You are TEN MONTHS old. 

Holy Moly, you are in a double digits now, and your first birthday is rapidly approaching. Mama is already brainstorming the ideas for your first birthday celebration, CVID19 style, since it may not be safe for a gathering. Nonetheless, it does not mean that you should be cheated out of your special day. Mama is excited to have your birthday picture shoot set up! Much to Daddy's dismay, Mama is already sprouting off ideas for the family picture shoot. He smiles at her, and nods his head lovingly, then say, whatever you like, honey

Your day has finally arrived, and you cannot be contained anymore. You are a mobile baby! You are constantly on GO! You march on your hands and knee in a creeper style. You move so quickly. Mama puts you down in one spot, and in an instant, you're across the room! Mama has asked Daddy to pretty please build barn style gates to secure the exit ways, because she's always chasing after you. Your favorite spot is dog bowl dishes. Yuck. You just LOVE them for some reason, and splash in water. You are standing up with a help from anything that is within your reach, and you pull yourself up! In no time, you will start walking across the couch, or anything you're pulling yourself up on. Mama thinks you will be up and walking around, or shortly after your first birthday. After all, you do have three older brothers to keep up with! 

                      

You are a great eater. You prefer fruits; you love strawberries, blackberries, cranberries, and bananas. Your favorite snack is guacamole! You do end up really messy, but that's okay as long as you are happy, and content. You eat with family three times a day, and have snacks in between if you get hungry, which isn't very often, and you've started drinking water out of a strawed sippy. You and your brothers appear to have mastered straws early on in your lives, which was just fine by Mama, because Mama does not like the spout kind of sippy cups anyway. 

Based on your last wellness check, you weighed 18 pounds, and measured at whooping 29 inches tall! Your next wellness check is scheduled a few days after your first birthday. This is an inconceivable thought. Mama is not quite ready for you to turn one just yet! Nonetheless, given your height, you no longer fit in your infant carrier anymore, and to be honest, it has been time for a while  anyway! With a ton of researching, and looking around for what fits your needs the best, Mama has decided to buy you Graco 4Ever DLX car seat, since it is the most recommended car seat on the market, and has features that Mama likes the best. The car seat has been installed, and secured with no problem. You, on other hand, are not too sure about your new car seat just yet! No worries, you will come to like it in time, especially with long road trips to visit our families. 

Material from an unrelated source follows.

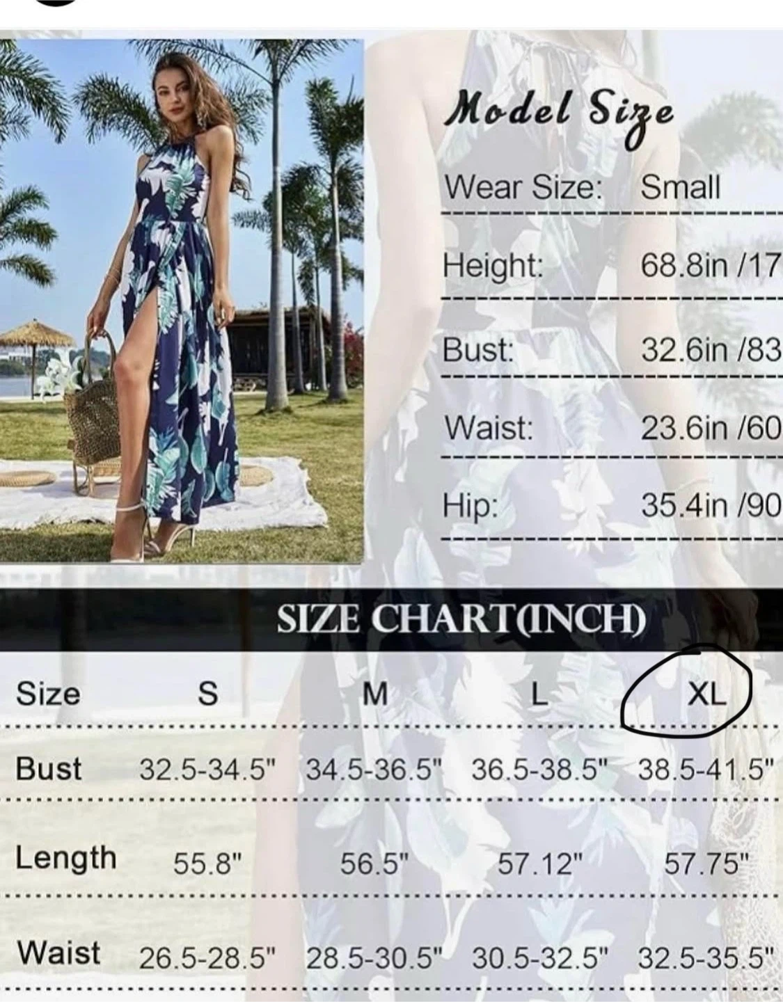 This is a beautiful floral maxi dress in size XL. It features a halter neckline and a high slit. The dress is perfect for summer days or evenings out. The size chart indicates the bust measures 38.5-41.5 inches and the waist measures 32.5-35.5 inches

Mama has finally moved you out of her bedroom. The decision came to her rather abruptly, especially with you growing bigger, and standing up, which makes it unsafe for you to be sleeping on the insert part of the bassinet. Moving you to the bottom of the pack & play could be a feasible option. Unfortunately, it won't be too easy on Mama's back to pick you up from the bottom of the bassinet to nurse you during the night. Besides, your bedroom was too pretty not to be used. Putting away the pack  & play pen was not a hard part. Putting you down in your crib for the night was DEFINITELY the hard part. On the other hand, Mama has made up for this by cuddling with you in her bed every morning!

Mama grieved the thought of that chapter coming to a close with the pregnancy and newborn days. She knew that it was time to sell the baby bassinet that she used with Fox and you, and it was a bit of a daunting thought for her. The pack and play pen was put away for future use, since it still can be used for several more years. With you being her last, Mama knows that a lot of  your "firsts" will also be her "lasts"; while there is a lot of joy surrounding your development into becoming an amazing young person someday,  there is also some sadness in letting go of what Mama holds special in her heart, and it is such a juxtaposition. This only makes Mama cherish you even more! 

       

With you sleeping in the crib, you developed a routine pretty quick, and it was when Mama knew moving you into a crib was the right decision. You showed that you had 3-4 hours window of wake up in between of your naps from the time you get up in the morning, and between your morning nap and afternoon nap. Then you liked to start winding down for the day around 6:30 PM with a bath and a story. By 7 pm, you nursed before going to sleep, and you usually stay asleep until 4 am, and got up to nurse. Wake up for the day depended greatly on what was happening on the day. The wake up tended to happen between 7 to 8 am. Sometimes 8:30 on the weekends! 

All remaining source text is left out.